═══ RECORDED DATA
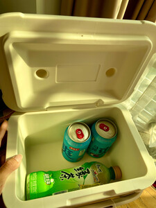 不得不说果然是camping用品的大品牌,质量是很好的没有毛刺和难闻的塑料味。给大家看看自然光和晚间灯光拍的颜色效果很好看,送了两个冰袋,我试过5L可以装6罐罐装饮料或者打横放4支支装饮料🥤~nice期待国庆节带出街用哈哈
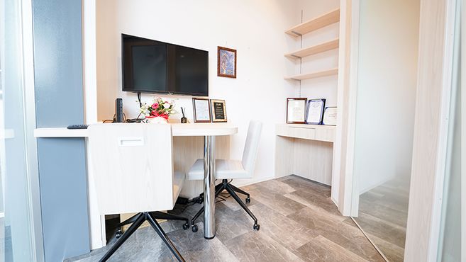 閉鎖的な空間が苦手な方も安心してお過ごしいただけるプライバシーの保たれた半個室タイプの診療室です。
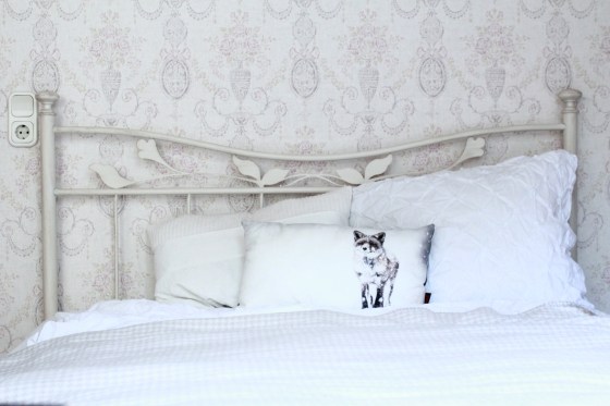 So wie ich in den letzten paar Jahren, sollte nun auch mein Zimmer ein Stück weit erwachsener werden, ohne eine gewisse Verspieltheit zu verlieren. So mussten die rosafarbenen Wände einem zarten Taupe weichen. Die Stirnseite des Zimmers schmückt eine romantische Tapete mit einem durchbrochenem Muster, in die ich mich sofort verliebt habe. Leicht mädchenhaft aber nicht ganz so aufdringlich.
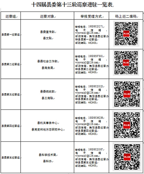 本輪巡察40天左右。為方便廣大干部群眾反映情況,縣委巡察組開設(shè)“碼上巡”二維碼、電子信箱、征求意見箱、來訪手機(jī)等信訪渠道。巡察組受理信訪時間截至2025年9月19日下午18時。巡察期間,縣委巡察組將嚴(yán)格執(zhí)行“十不準(zhǔn)”“四個絕不允許”等規(guī)定,主動接受被巡察對象和社會各界監(jiān)督。
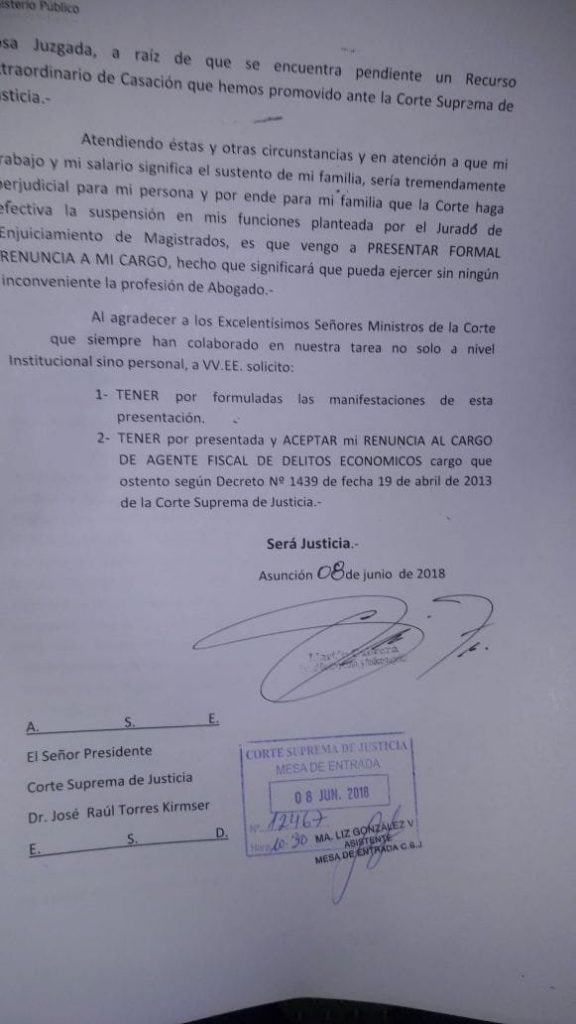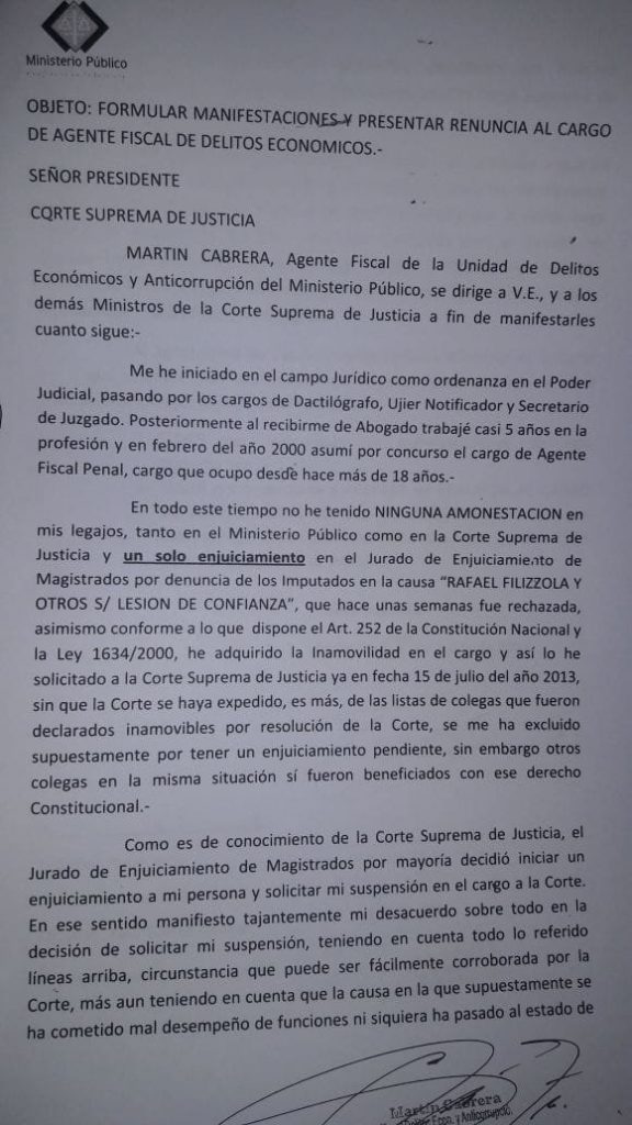 Nota de renuncia al cargo de Agente Fiscal de Delitos Económicos y Anticorrupción del Ministerio Público firmada por el Dr. Martin Cabrera quién en más de 18 años en la institución pasó por varios departamentos. #1020AM pic.twitter.com/P5agQGGSdq
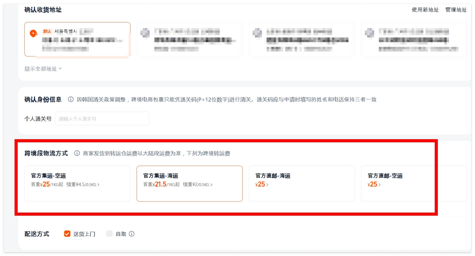 '분명히 상품을 구매할 때는 한국까지 배송이 된다고 했잖아.' 그런데 왜 배송이 멈췄지? 하실거에요. 중국어를 잘 보시면 한국까지 직배송되는 배송 방식을 선택해야 한국까지 원스톱으로 오는거에요.
══════
YOUR INSTRUCTIONS: Starting with the line that has "So wie ich in" and going on through the line that has "Nota de renuncia", transcribe the records above exactly, but skip the pictures.

YOUR SOLUTION:
 So wie ich in den letzten paar Jahren, sollte nun auch mein Zimmer ein Stück weit erwachsener werden, ohne eine gewisse Verspieltheit zu verlieren. So mussten die rosafarbenen Wände einem zarten Taupe weichen. Die Stirnseite des Zimmers schmückt eine romantische Tapete mit einem durchbrochenem Muster, in die ich mich sofort verliebt habe. Leicht mädchenhaft aber nicht ganz so aufdringlich.
 本輪巡察40天左右。為方便廣大干部群眾反映情況,縣委巡察組開設(shè)“碼上巡”二維碼、電子信箱、征求意見箱、來訪手機(jī)等信訪渠道。巡察組受理信訪時間截至2025年9月19日下午18時。巡察期間,縣委巡察組將嚴(yán)格執(zhí)行“十不準(zhǔn)”“四個絕不允許”等規(guī)定,主動接受被巡察對象和社會各界監(jiān)督。
 Nota de renuncia al cargo de Agente Fiscal de Delitos Económicos y Anticorrupción del Ministerio Público firmada por el Dr. Martin Cabrera quién en más de 18 años en la institución pasó por varios departamentos. #1020AM pic.twitter.com/P5agQGGSdq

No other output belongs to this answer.